The turning point came in March. In that month, gold prices fell by a total of 11.6%. Entering June, the decline accelerated, with a deep drop of 4.4% on June 10. On June 11, London spot gold bottomed out at as low as $4,024 per ounce. Compared with the historic high at the start of the year, the pullback reached 28%, wiping out the entire year-to-date gain.
This round of decline resulted from multiple factors converging. On June 11, the European Central Bank raised all three key interest rates by 25 basis points—its first rate hike since September 2023—breaking the previous global consensus that central banks would keep cutting rates. At the same time, data from the World Gold Council showed that in May, global gold ETF outflows were about $2 billion, and total assets under management decreased by 2% month-over-month to $604 billion.
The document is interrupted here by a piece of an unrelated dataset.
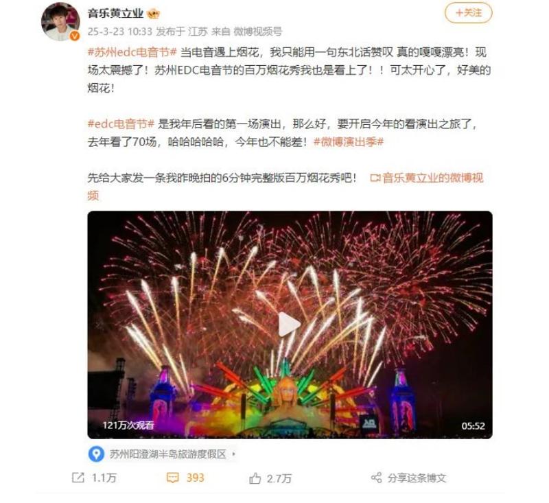 3月23日晚,隨著最后一朵金色煙花在蘇州陽(yáng)澄湖畔夜空綻放,2025EDC雛菊電音嘉年華在數(shù)萬(wàn)電音迷們不舍的歡呼聲中圓滿落幕。這場(chǎng)全球三大音樂(lè)節(jié)IP之一的音樂(lè)盛典,以持續(xù)兩天的超燃舞臺(tái)、科技與藝術(shù)交融的沉浸體驗(yàn),以及近6萬(wàn)名樂(lè)迷共同締造的電音狂歡,在園區(qū)陽(yáng)澄湖半島旅游度假區(qū)締造了新的音樂(lè)高度。

The continued unexpectedly strong momentum in the AI industry pulled large flows of capital into equities, causing gold’s relative appeal in asset allocation to fall at the margin.
However, since mid-June, gold has shown clear signs of stabilizing and rebounding. On June 15, London spot gold was quoted at $4,323.5 per ounce, and New York gold futures briefly rose to $4,356.8 per ounce, up 2.78%. On June 18 in the Asian session, gold surged again and broke above $4,300. The market is reassessing the pricing logic for gold as the rate-hike cycle draws to a close.
30-year U.S. Treasury yields nearing 5%: the biggest challenge for non-interest-bearing assets
As a non-interest-bearing asset, gold’s opportunity cost is directly tied to the level of interest rates. When Treasury yields rise, the “opportunity cost” of holding gold increases as well—investors could have put their funds into Treasuries to earn certain interest returns, but instead chose gold, which produces no cash flows.
In May 2026, the 30-year U.S. Treasury yield broke above 5%, the first time since 2007. In late May, the 30-year yield briefly touched a high of 5.177%. Although after the Fed’s decision on June 18 the 30-year yield fell slightly to around 4.929%, overall it remains within a high range not seen since 2007.
The implications of this yield level are far-reaching. If an investor buys a 30-year U.S. Treasury today and holds it to maturity, they can lock in an annualized return of nearly 5%, with a contractual yield that is almost risk-free (denominated in U.S. dollars). For long-term capital allocators such as pension funds and insurance companies, this level of yield is already enough to form a substantial substitute for non-interest-bearing assets like gold.
But it is important to note that the traditional simple framework of “gold prices and Treasury yields move inversely” is failing. In a June 2026 analysis, Janus Henderson’s asset allocation strategy team pointed out that over the past 18 months gold has still been tracking fluctuations in real yields, but “from a permanently higher baseline.” Since 2022, emerging-market central banks’ gold purchasing has pushed gold’s long-term price baseline to a higher level. Real yields still drive the near-term direction, but they no longer solely determine the bottom of gold prices.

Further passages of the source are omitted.